Additionally, the system may include preprocessing equipment such as slicers and polishers #174. Additionally, an annealing furnace may be provided to help cure any defects in the sapphire crystal from the growth phase.
The system includes a cutting system #176 that includes a roughener #178 and a laser cutter #180. As discussed above, the laser cutter may be configurable such that its power level and/or focal point may be adjusted so that it may serve dual purposes as a roughener and cutter.
The system further may include equipment for one or more post-processing steps such as grinding and polishing. An annealing furnace may also be provided after cutting the sapphire members to cure any defects that resulted from the cutting and/or other processing steps.
Apple notes that the system is believed to achieve efficiencies based on the equipment and processes performed in creating a sapphire member for use in electronic devices. In particular, the laser cutting of the sapphire is anticipated to save costs in the long run as it will not experience wear in the same way a mechanical cutter would. Additionally, the speed at which the laser cutter may operate may provide for increased production. Moreover, the processes and systems described herein may scale well and may be configurable to achieve further efficiencies. In particular, for example, one or more rougheners may feed a single laser cutter or a single roughener may feed multiple laser cutters.
Apple credits Anthony Richter, Dale Memering and Vincent Yan as the inventors of patent application 20140076299 which was originally filed in Q3 2012.
Second Invention: Heat Exchangers in Sapphire Processing
A second sapphire processing related patent surfaced today under patent application number 20140080081 noting inventors Christopher Prest and Dale Memering.
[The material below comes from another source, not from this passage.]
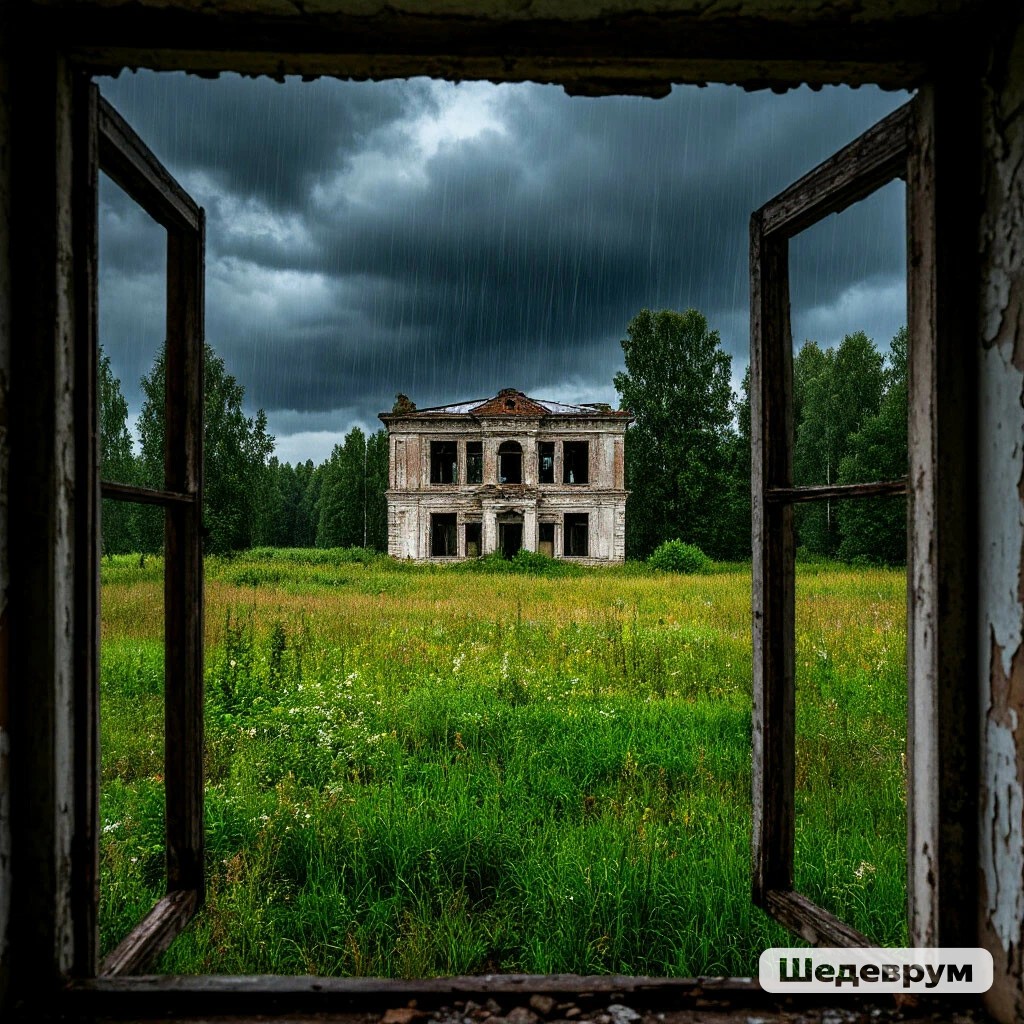 Погода совсем испортилась, начал накрапывать дождик, за-то стало хоть что-то видно. Девушка огляделась: совсем не далеко от неё оказалась старинная постройка неизвестного назначения, полуразвалившаяся, но, постоять в ней во время дождя было можно. Саша зашла внутрь , села на корточки и, поглядывая в сторону дверного проёма, стала ждать окончания дождя.

Apple's patent abstract states that their invention is about "Systems and methods for efficient heating during production of corundum. One embodiment takes the form of a system for processing corundum including a first furnace and a second furnace. The first and second furnaces are sequentially arranged and heat from the first furnace is subsequently used to heat the second furnace."
Apple's patent FIG. 1 noted below illustrates a Kyropoulos process for sapphire growth; FIG. 3 illustrates a VHGF process for sapphire growth; and patent FIG. 4B illustrates an alternative system for recycling heat in sapphire processing by passing heat directly between two furnaces after heating phases for the furnaces wherein a single growth furnace supplies heat to two annealing furnaces.